YOUR ASSIGNMENT>
Nothing but the pictures should be left out when you copy the records exactly.

• • •

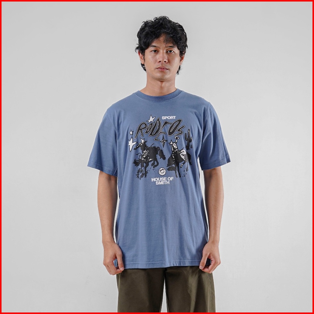 House Of Smith Kaos Pria Lengan Pendek - Rodeos Tshirt Mineral Blue - T Shirt
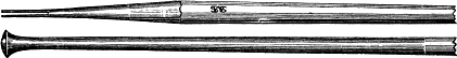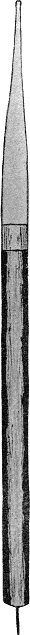 "The 'point' shown full size in Fig. 8 is of more general application than any of the others, and is[85] used for proximal cavities in bicuspids, also labial and buccal cavities. The handle is made of ebony, and has a silver ferrule, from which the ivory extends to the end and completes the instrument.
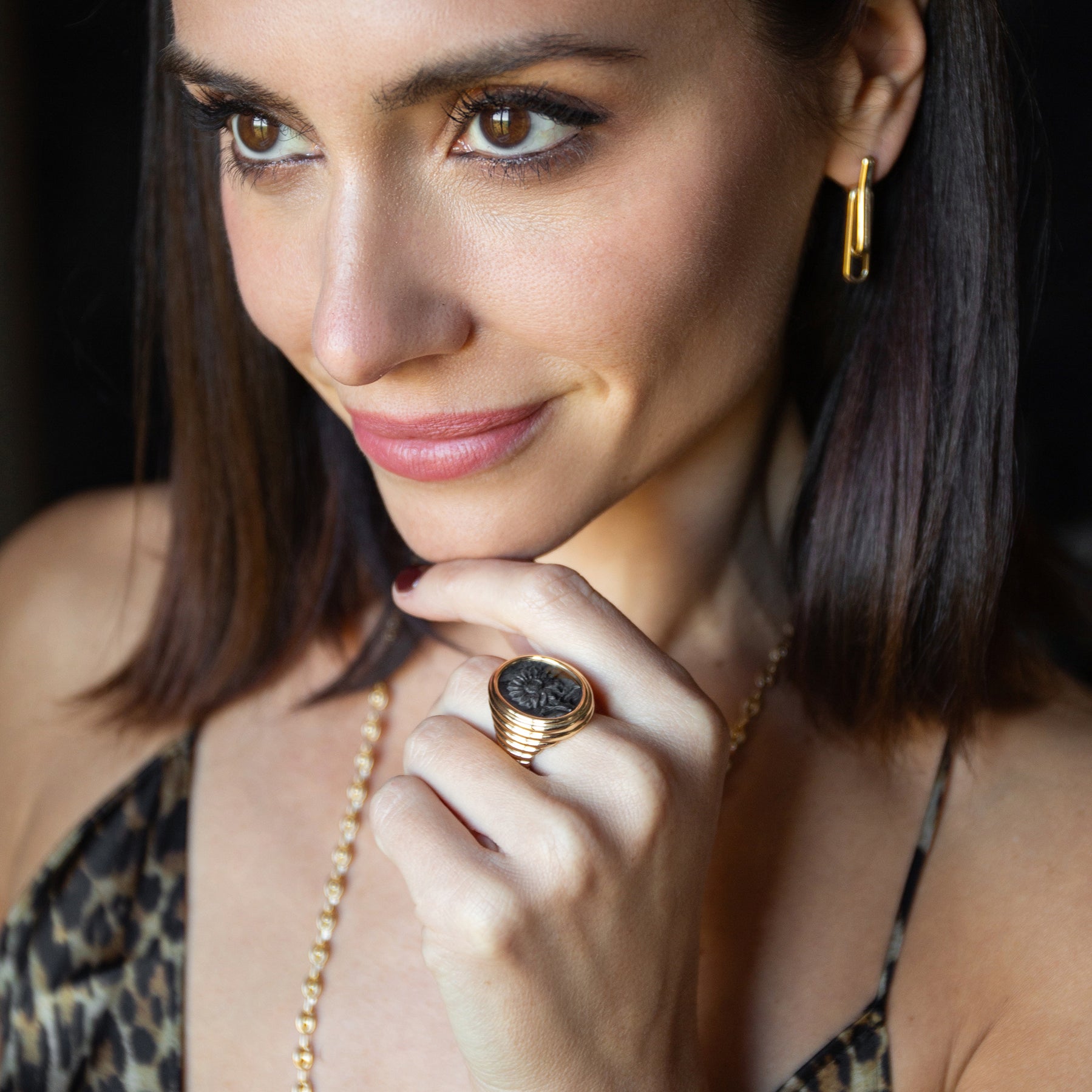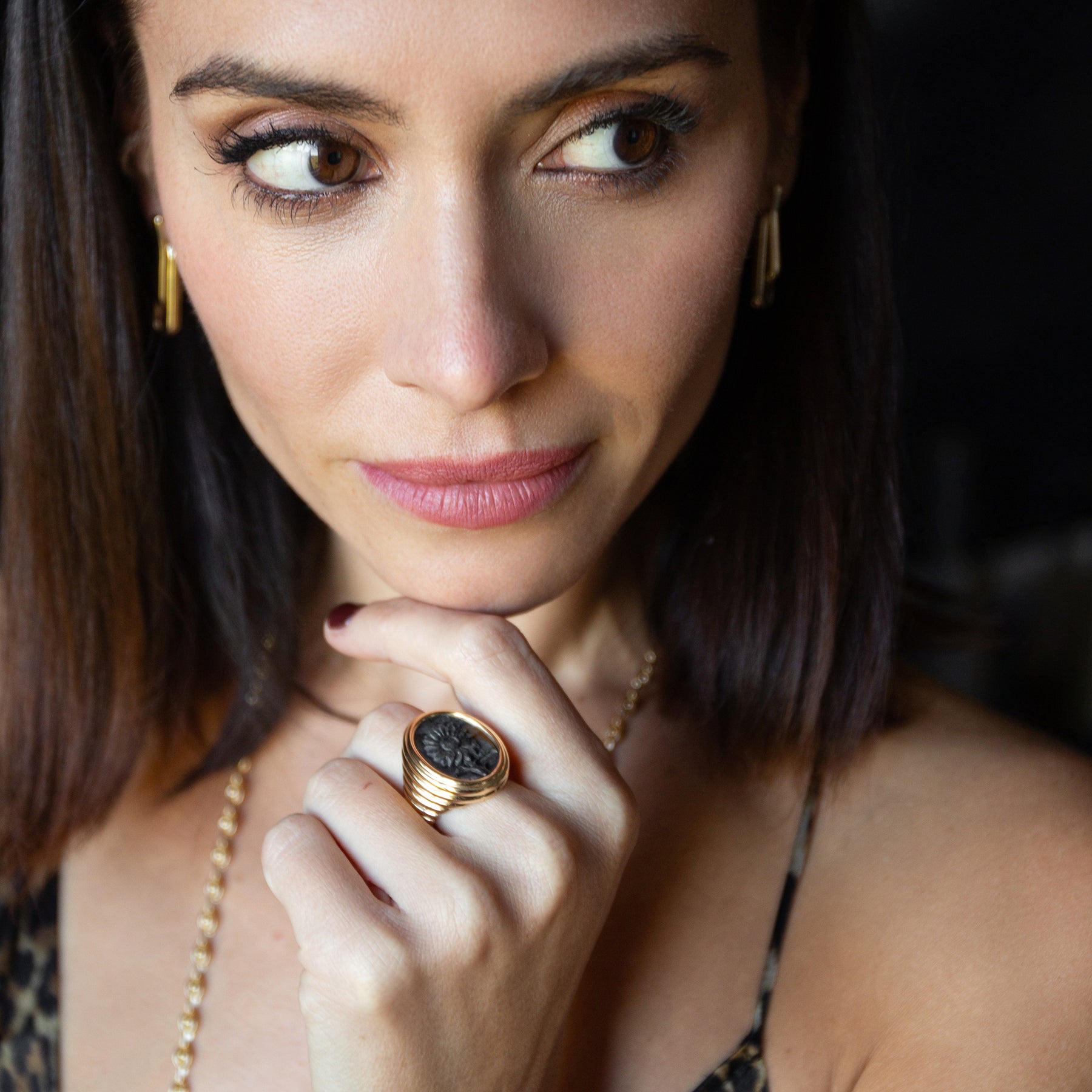 The Sienna Intaglio Waved Signet Ring showcases a hand-carved black jasper sunflower, framed in 14K yellow gold with a softly waved bezel. Its oversized oval profile highlights the depth of the carving while giving the ring a strong, expressive presence. Designed to stand alone or paired with other gold bands, it’s a piece that combines artistry with everyday wearability.
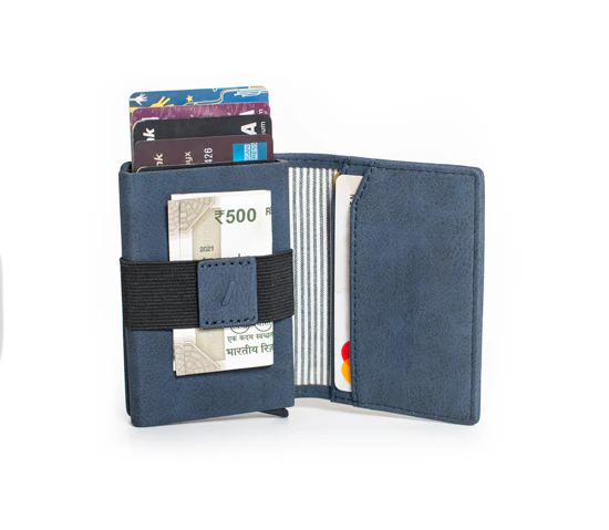Designed for the modern minimalist, the UrbanEdge™ Slim Wallet combines sleek aesthetics with practical everyday utility. Crafted in premium blue leather with a unique elastic band closure, this wallet keeps your essentials safe and stylish—whether you’re at work, traveling, or enjoying a casual day out.
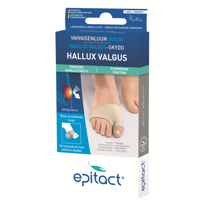 Haittaako vaivaisenluun kipu esimerkiksi kävellessä? Vaivaisenluun suoja ehkäisee liialliseen paineeseen ja hankaukseen liittyvää vaivaisenluun (hallux valgus) aiheuttamaa kipua. Suoja on pienikokoinen ja sopii käytettäväksi tavallisesti käyttämissäsi kengissä. Vaivaisenluulla tarkoitetaan jalkaterän ongelmaa, jossa ukkovarvas kääntyy muihin varpaisiin päin. VINKKI! Jos isovarvasta pystyy yhä liikuttamaan, suosittelemme joustavan, päiväkäyttöön tarkoitetun EPITACT®-oikaisijan käyttämistä vaivaisenluun hoitoon. Se korjaa asentopoikkeamaa, rajoittaa vaivaisenluun etenemistä, lievittää nivelkipua ja estää vaivaisenluun hankautumista. Konepesu 30°C:n lämpötilassa mukana toimitettavassa pesupussissa tai käsinpesu (hankaamatta). Anna kuivua itsekseen. Ei saa silittää. https://epitact.fi/

• • •

OUTPUT FOR THIS EXERCISE>
 House Of Smith Kaos Pria Lengan Pendek - Rodeos Tshirt Mineral Blue - T Shirt
 "The 'point' shown full size in Fig. 8 is of more general application than any of the others, and is[85] used for proximal cavities in bicuspids, also labial and buccal cavities. The handle is made of ebony, and has a silver ferrule, from which the ivory extends to the end and completes the instrument.
 The Sienna Intaglio Waved Signet Ring showcases a hand-carved black jasper sunflower, framed in 14K yellow gold with a softly waved bezel. Its oversized oval profile highlights the depth of the carving while giving the ring a strong, expressive presence. Designed to stand alone or paired with other gold bands, it’s a piece that combines artistry with everyday wearability.
Designed for the modern minimalist, the UrbanEdge™ Slim Wallet combines sleek aesthetics with practical everyday utility. Crafted in premium blue leather with a unique elastic band closure, this wallet keeps your essentials safe and stylish—whether you’re at work, traveling, or enjoying a casual day out.
 Haittaako vaivaisenluun kipu esimerkiksi kävellessä? Vaivaisenluun suoja ehkäisee liialliseen paineeseen ja hankaukseen liittyvää vaivaisenluun (hallux valgus) aiheuttamaa kipua. Suoja on pienikokoinen ja sopii käytettäväksi tavallisesti käyttämissäsi kengissä. Vaivaisenluulla tarkoitetaan jalkaterän ongelmaa, jossa ukkovarvas kääntyy muihin varpaisiin päin. VINKKI! Jos isovarvasta pystyy yhä liikuttamaan, suosittelemme joustavan, päiväkäyttöön tarkoitetun EPITACT®-oikaisijan käyttämistä vaivaisenluun hoitoon. Se korjaa asentopoikkeamaa, rajoittaa vaivaisenluun etenemistä, lievittää nivelkipua ja estää vaivaisenluun hankautumista. Konepesu 30°C:n lämpötilassa mukana toimitettavassa pesupussissa tai käsinpesu (hankaamatta). Anna kuivua itsekseen. Ei saa silittää. https://epitact.fi/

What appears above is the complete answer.